與此同時,香江,剛歸置好的臥室又被砸了個稀巴爛。
“啊啊啊啊!!啊啊啊啊!!!”周巧琴捂著自己的腦袋,歇斯底里的嘶吼著,“成事不足,敗事有余!廢物!你們所有人都是廢物!!”
她抓起被自己丟在一旁的電話話筒,瞳孔的眼白布滿了瘋狂的血絲,“張家強,你怎么連這點小事都辦不好,居然讓白曉珺那個女人屢次三番的逃脫!”
“你不是說成績已經篡改好了嗎,不是說篡改得她不及格,休想考上大學嗎!”
“你告訴我,為什么內地那邊發布的高考成績榜單,高考狀元仍舊是白曉珺!”
“說啊!!嗚嗚嗚……你告訴我為什么!!!為什么我堂堂周家的大小姐周巧琴,居然輸給一個小地方來的下賤女人!!!”
電話那邊的張家強都快咬碎一副牙齒了,這個蠢女人,到底要怎么樣才能放下仇恨啊,一想到張家以后要服務這樣一個癲婆,他都頭疼!
找人撕了白曉珺的準考證,失敗了。
找人篡改白曉珺的高考成績,讓她落榜,誰知道人家背后有靠山護著,也失敗了。
這能怪他么?
要不是手底下的兄弟講義氣,愿意去幫他頂罪進去坐牢,現在狂盛集團早都亂成一鍋粥了。
他這電話打過來可不是找周巧琴道歉的,是告訴她,不要再想著對付白曉珺了,狂盛集團幾千人等著他帶領吃飯,不想摻和這種小女人搶男人的戲碼!
“周小姐,我打電話來想跟您說明一下情況,白曉珺不是普通人,她背后有一股神秘力量托舉著,守護著。

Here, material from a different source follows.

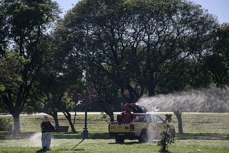 △當(dāng)?shù)貢r(shí)間4月6日,阿根廷布宜諾斯艾利斯一個(gè)公園里,工人在噴灑化學(xué)藥劑滅蚊。

”
“要不然,篡改她高考成績的事情不會第一時間就被發現。”
“在白曉珺身后那股力量沒有對我們動手之前,收手,是最好的選擇,我也想跟你說清楚,狂盛集團不會再幫你對付白曉珺,有什么意見讓周先生親自跟我說。”
“喂?喂?”周巧琴聽見電話傳來的忙音,氣得半死,“張家強!你敢掛本小姐的電話,你膽子肥了!白曉珺一個鄉下人,指望著勾引寧清哥哥上位的賤貨,能有什么靠山?無非是她勾引的男人罷了!”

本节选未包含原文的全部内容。